Leaving out the images, return the data below exactly as it is written.

→ **INPUT DATA**:
+---+
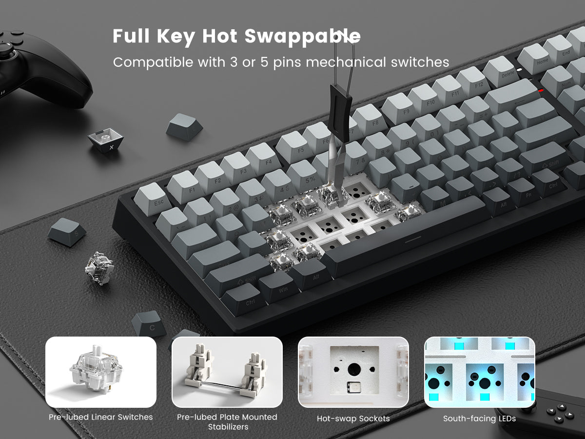 This wireless mechanical keyboard with hot-swap PCB supports 3-pin and 5-pin switches, letting you easily swap keycaps and switches. Pre-lubed stabilizers and linear switches provide a creamy, smooth keystroke, perfect for typing and gaming.
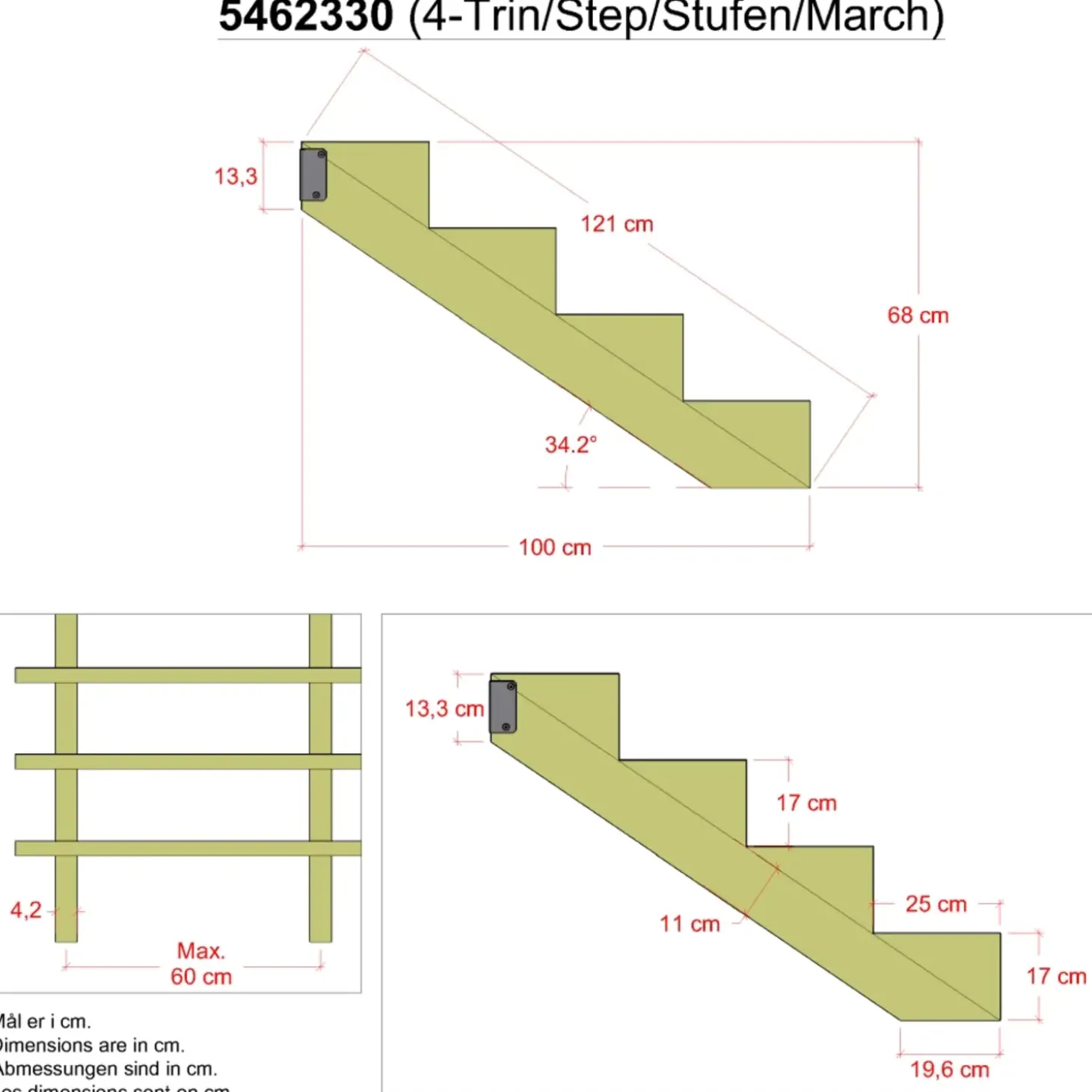 34,2° Træ Trappevange 4-trin m/beslag – Trindybde 25 cm – 5462330
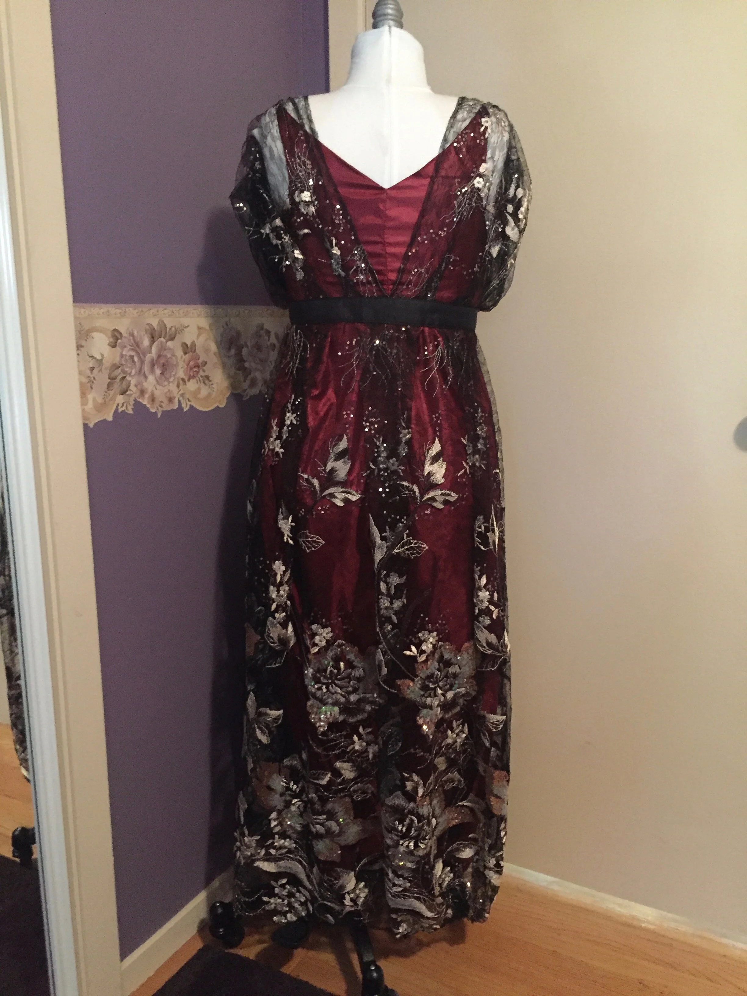 This dress is very loosely inspired by evening gowns from the early 1910s. My main references were this 1911 dress and this one from 1908, and these dresses were the main inspiration for the shape of the bodice and over skirt. However, this dress is most definitely not historically accurate, and that was never the goal, since I was really going more for the general look.
+---+
→ **SOLUTION BELOW**:
 This wireless mechanical keyboard with hot-swap PCB supports 3-pin and 5-pin switches, letting you easily swap keycaps and switches. Pre-lubed stabilizers and linear switches provide a creamy, smooth keystroke, perfect for typing and gaming.
 34,2° Træ Trappevange 4-trin m/beslag – Trindybde 25 cm – 5462330
 This dress is very loosely inspired by evening gowns from the early 1910s. My main references were this 1911 dress and this one from 1908, and these dresses were the main inspiration for the shape of the bodice and over skirt. However, this dress is most definitely not historically accurate, and that was never the goal, since I was really going more for the general look.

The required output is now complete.